DATASET EXTRACT:
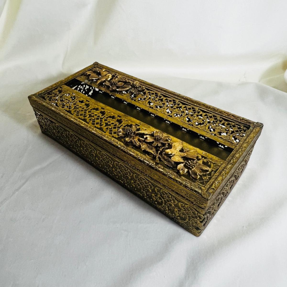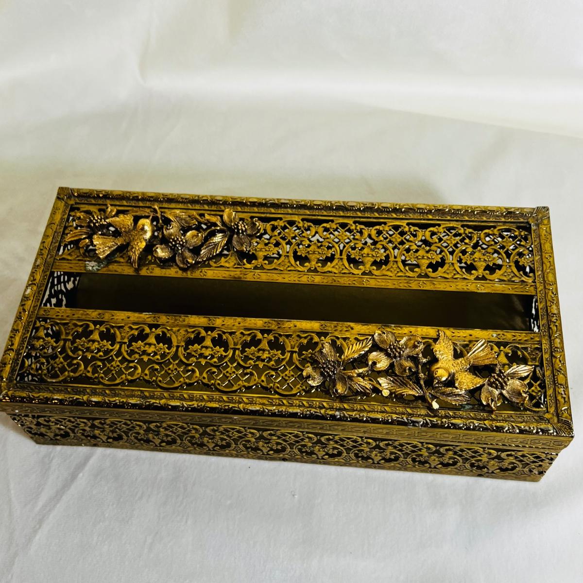 Vintage Gold Ormolu Ornate Box Paper Tissue Holder Case
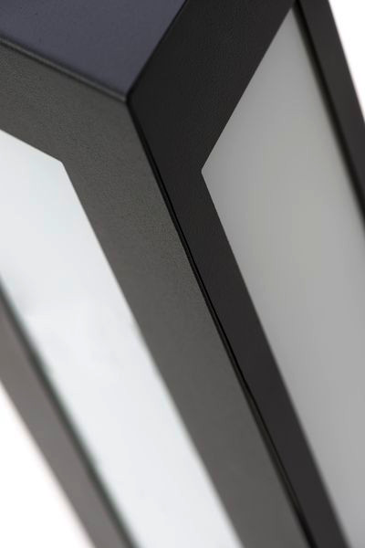 Wandleuchte aus Edelstahl, pulverbeschichtet in Anthrazit, Diffusor aus Opalglas. Integrierter IR-Bewegungsmelder. Farbe Anthrazit, Material Edelstahl, Opalglas, Lichtquelle: 2 x E27, max. 60 Watt, 220-240 V, 50-60 Hz, IP44, Schutzklasse I, Maße: 400x160x90 mm
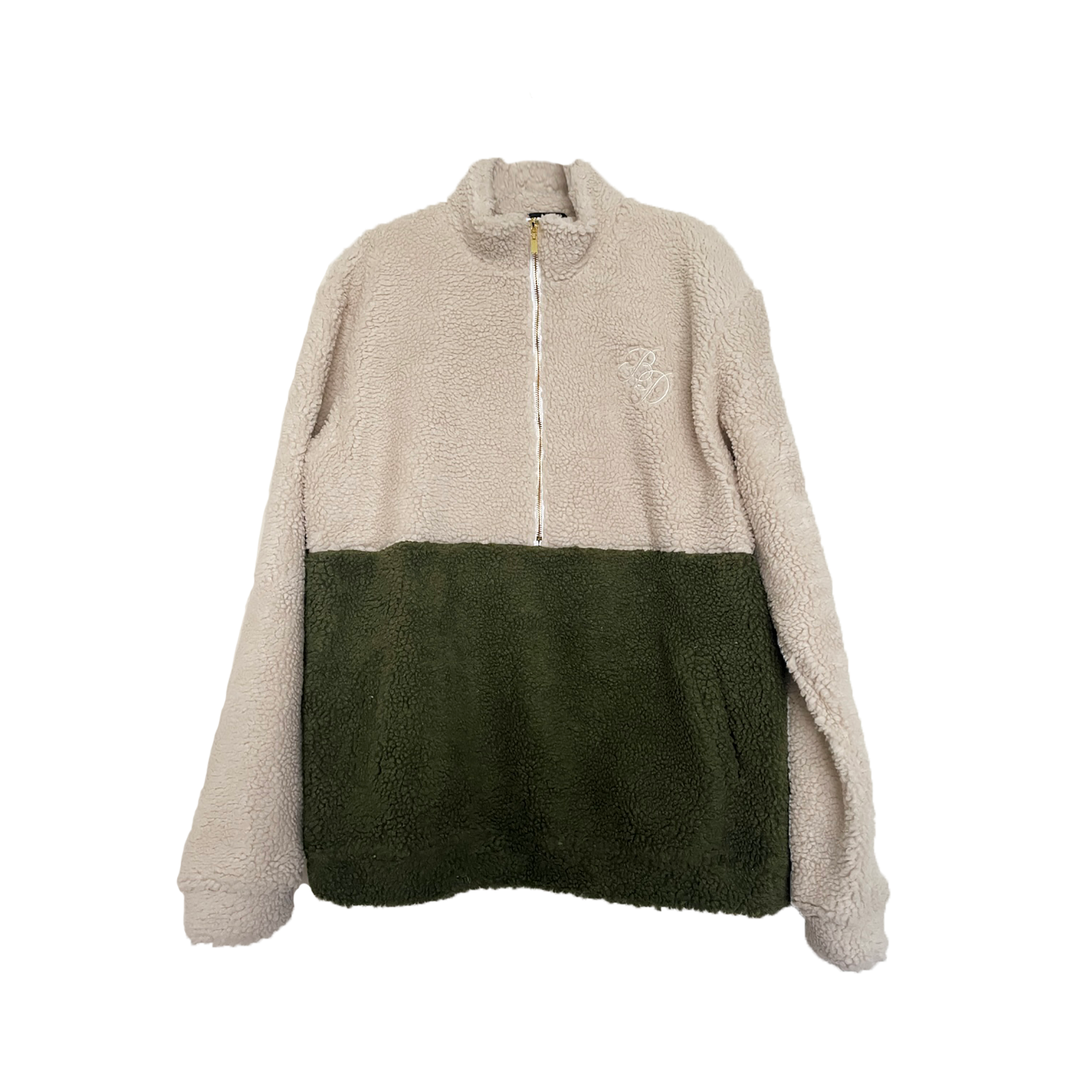 Cream/Olive Sherpa Fleece Zip
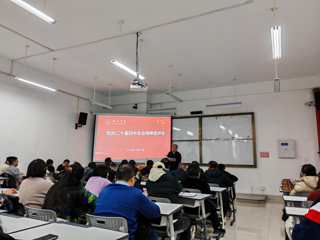 为深入贯彻落实党的二十届四中全会精神,准确把握“十五五”时期党和国家事业发展的历史方位与时代要求,12月11日,365上市集团官网在子洲楼322室组织召开学习贯彻党的二十届四中全会精神专题宣讲会。会议特邀图书馆馆长、马克思主义公司张渊教授作专题宣讲,公司党委副书记闫龙出席并作指导讲话。公司领导班子、全体教师及员工党员代表参加学习。
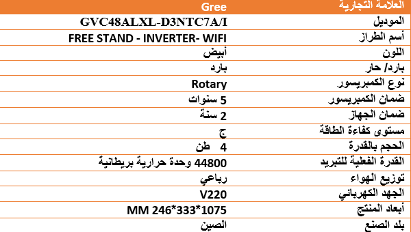 مكيف جري دولابي انفيرتر - 4 طن - بارد فقط - سعة تبريد 44800
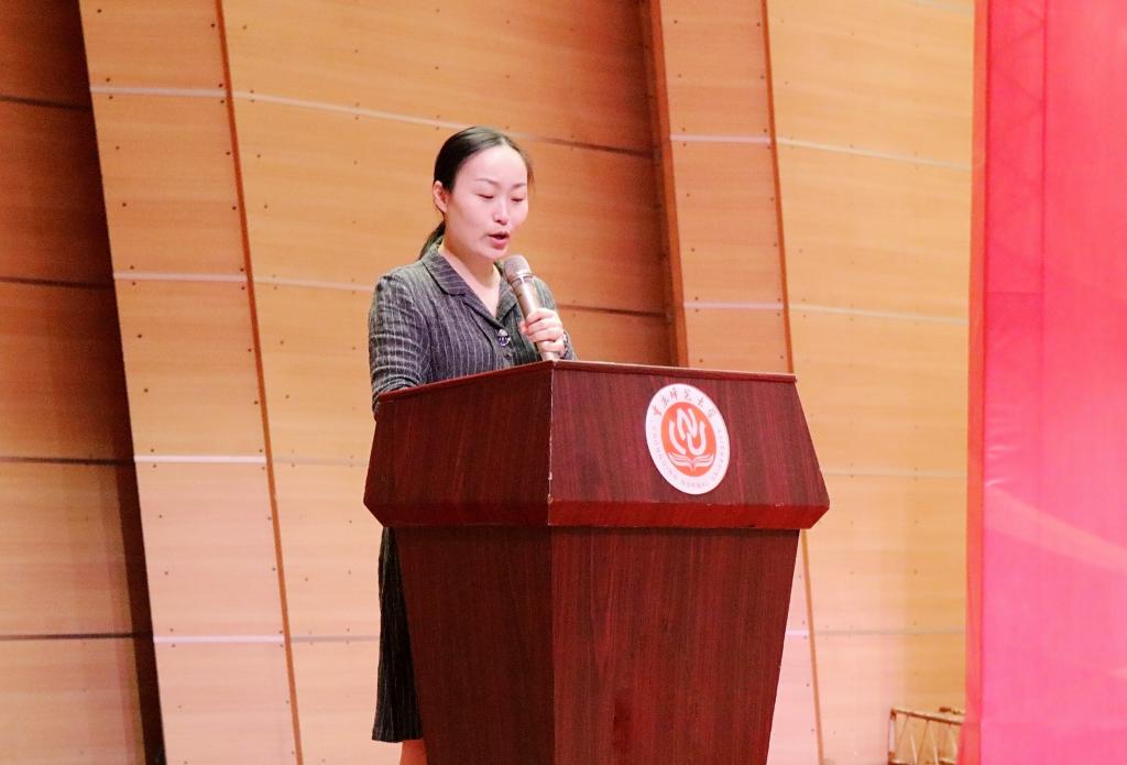 高年级学生代表张茁莉借物电学子们在日常学习、专业竞赛、考研等各方面能够迎难而上、奋进前行,最终获得成功的优秀事例向同学们分享了一个词——坚持,勉励同学们要坚持学习、坚持服务同学,不断提升自我、锻炼自我。
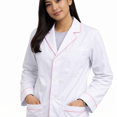 "Shop high-quality full-sleeve doctor aprons style with pink contrast for comfort and mobility. Ideal for warmer climates, they ensure professional hygiene and a polished look."
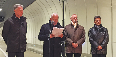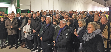 2016 (mai) : débouché de la galerie de sécurité, 1500 m de roche creusée en à peine 1 an. (Photo des 2 équipes se rejoignant)
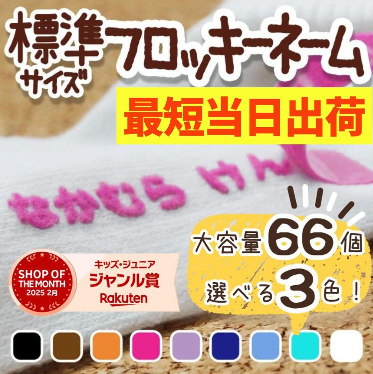 🎯 アイロンでポンッ!洗濯に強くて剥がれにくい、3色選べる66個入りの大容量お名前フロッキー
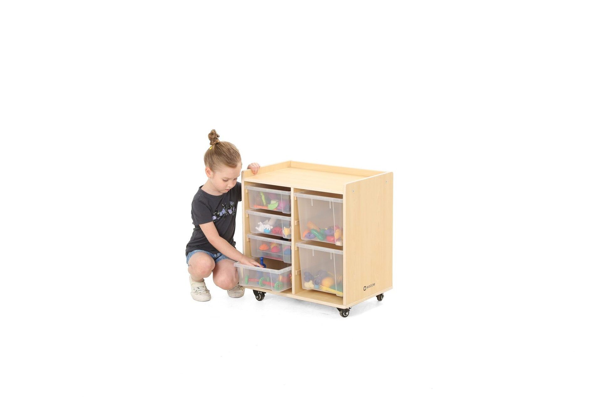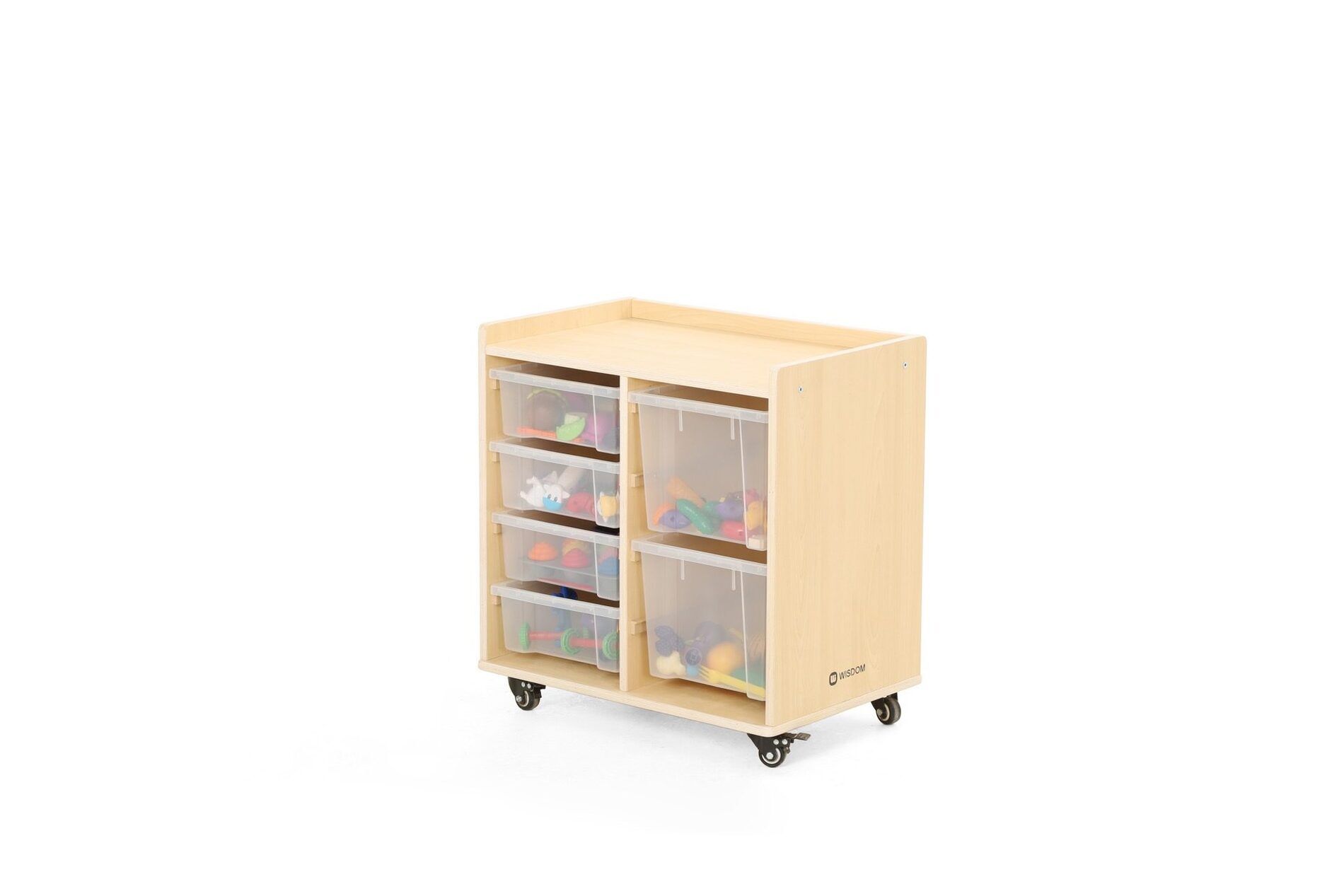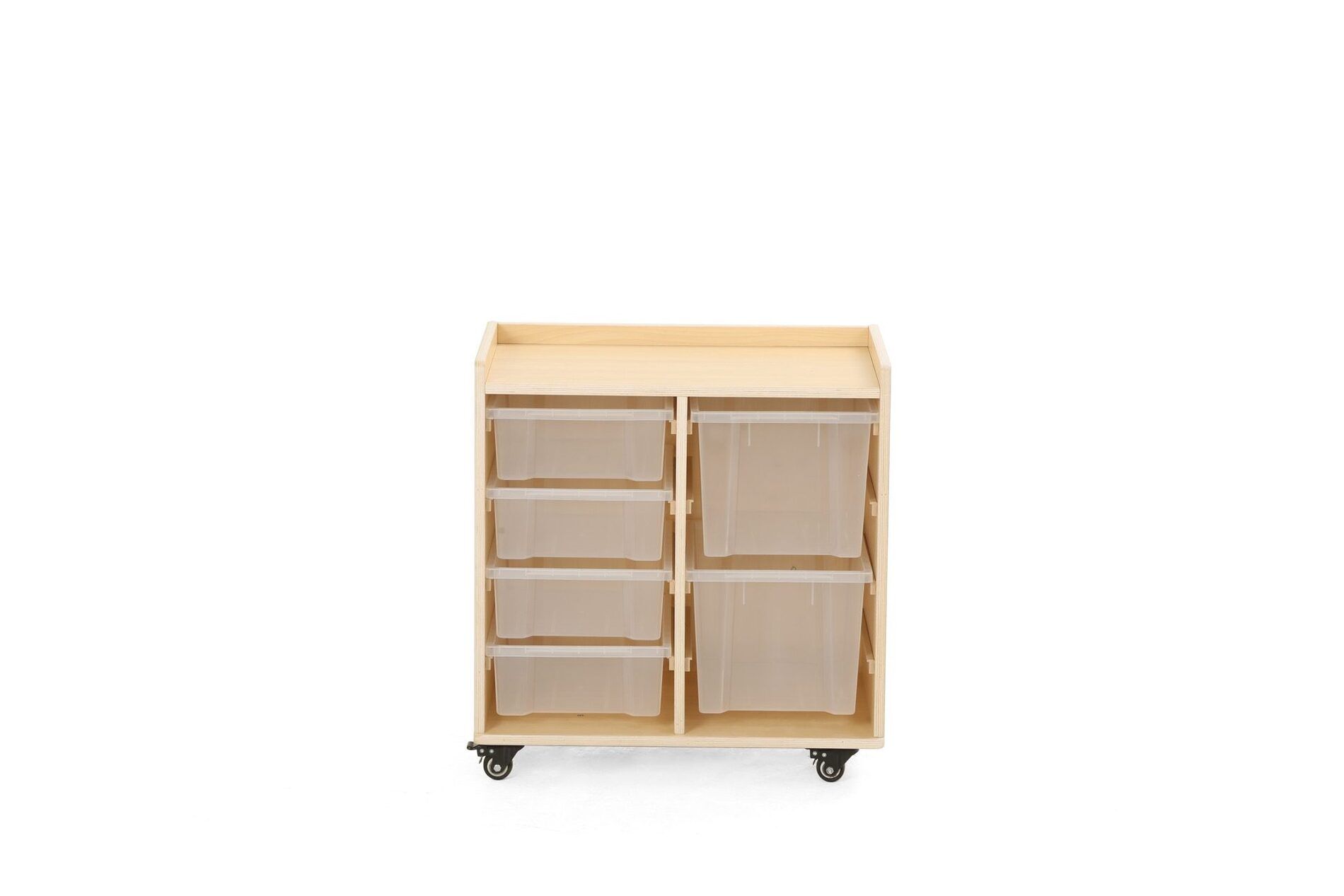 De kast heeft twee rijen waarin in totaal 4 kleine bakken en 2 grote bakken van duurzaam polypropyleen passen. Deze bakken bieden voldoende opbergruimte voor speelgoed, boeken en andere materialen die nodig zijn voor educatieve activiteiten.

TASK DETAILS: Although the records above contain pictures, your copy should give only their text, exactly as written.

ANSWER SECTION:
 Vintage Gold Ormolu Ornate Box Paper Tissue Holder Case
 Wandleuchte aus Edelstahl, pulverbeschichtet in Anthrazit, Diffusor aus Opalglas. Integrierter IR-Bewegungsmelder. Farbe Anthrazit, Material Edelstahl, Opalglas, Lichtquelle: 2 x E27, max. 60 Watt, 220-240 V, 50-60 Hz, IP44, Schutzklasse I, Maße: 400x160x90 mm
 Cream/Olive Sherpa Fleece Zip
 为深入贯彻落实党的二十届四中全会精神,准确把握“十五五”时期党和国家事业发展的历史方位与时代要求,12月11日,365上市集团官网在子洲楼322室组织召开学习贯彻党的二十届四中全会精神专题宣讲会。会议特邀图书馆馆长、马克思主义公司张渊教授作专题宣讲,公司党委副书记闫龙出席并作指导讲话。公司领导班子、全体教师及员工党员代表参加学习。
 مكيف جري دولابي انفيرتر - 4 طن - بارد فقط - سعة تبريد 44800
 高年级学生代表张茁莉借物电学子们在日常学习、专业竞赛、考研等各方面能够迎难而上、奋进前行,最终获得成功的优秀事例向同学们分享了一个词——坚持,勉励同学们要坚持学习、坚持服务同学,不断提升自我、锻炼自我。
 "Shop high-quality full-sleeve doctor aprons style with pink contrast for comfort and mobility. Ideal for warmer climates, they ensure professional hygiene and a polished look."
 2016 (mai) : débouché de la galerie de sécurité, 1500 m de roche creusée en à peine 1 an. (Photo des 2 équipes se rejoignant)
 🎯 アイロンでポンッ!洗濯に強くて剥がれにくい、3色選べる66個入りの大容量お名前フロッキー
 De kast heeft twee rijen waarin in totaal 4 kleine bakken en 2 grote bakken van duurzaam polypropyleen passen. Deze bakken bieden voldoende opbergruimte voor speelgoed, boeken en andere materialen die nodig zijn voor educatieve activiteiten.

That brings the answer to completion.